Golden Ticket

golden | The Hacker Toolstools.thehacker.recipes

mimikatz # kerberos::golden /user:Administrator /domain:<domain> /sid:S-xxx /service:krbtgt /rc4:<Password hash of krbtgt user>

a. /user:Administrator : To impersonate the Administrator user

b. /domain : Specify the FQDN of where the ticket will be valid

c. /sid:S-xxx : The security identifier (SID) of the user to impersonate

• Used to construct the Privilege Attribute Certificate (PAC) inside the Kerberos ticket

c. /service:krbtgt : specifies that this ticket is a TGT

d. /rc4 : password hash of the KRBTGT account for the specified domain (/domain )

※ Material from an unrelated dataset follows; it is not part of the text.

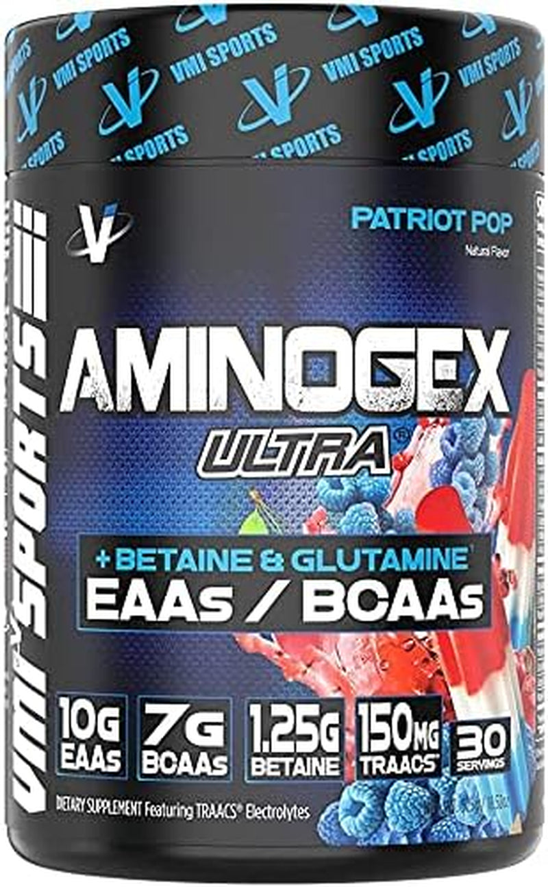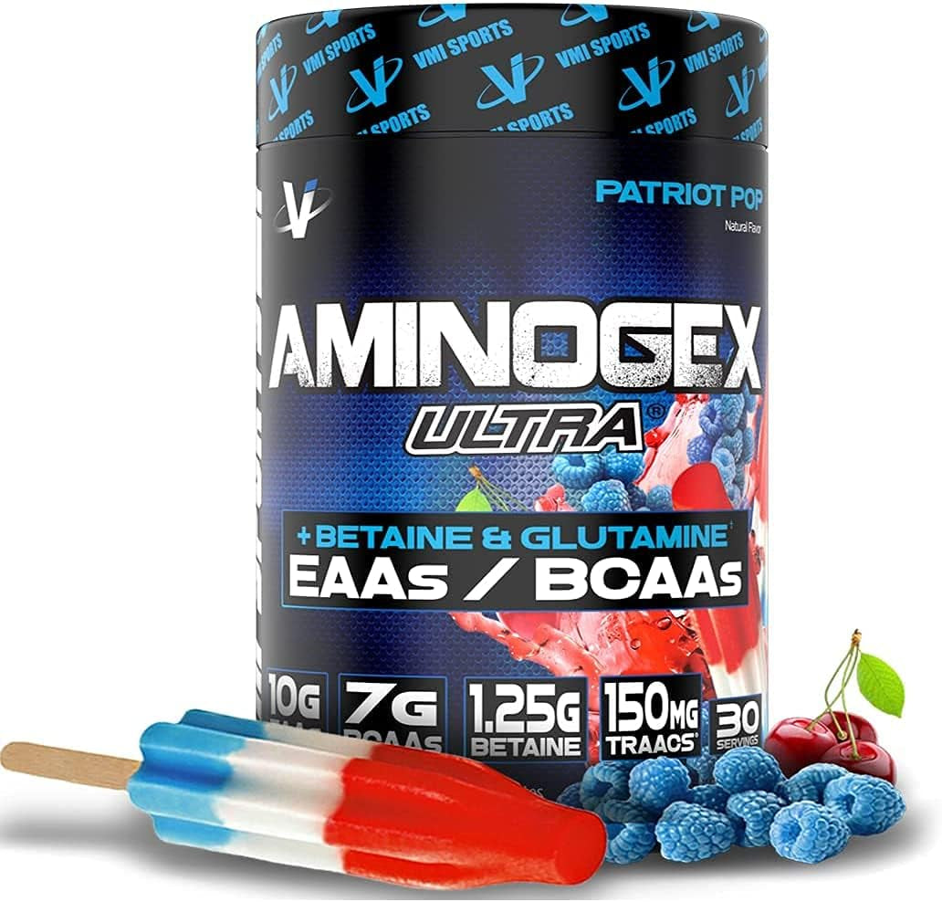 VMI Sports Aminogex Ultra | BCAA Powder | Amino Acids + Betaine and Glutamine | Amino Acid Post Workout Recovery Drink | Intra Workout Drink with Electrolytes | (30 Servings) (Patriot Pop) - Patriot Pop is backordered and will ship as soon as it is back in stock.

Comparisons with other tools

Notice that the following fields does not need to be specified when creating a TGT with other tools such as mimikatz kerberos::tgt , kekeo tgt::ask or Rubeus asktgt :

a. /service:krbtgt

b. /sid:xxxx

This is because these tools automatically includes the /service field, before sending an actual TGT request to the KDC (which handles the /sid).

While for the Golden Ticket attack, we bypass the KDC altogether and create our own TGTs. Therefore, we have to perform a request to the domain controller to retrieve the SID, and manually include it in the /sid option.

NOTE: Even though Golden Ticket are always TGTs (/service:krbtgt by default), Mimikatz provides flexibility with this field and forces users to explicitly identify it.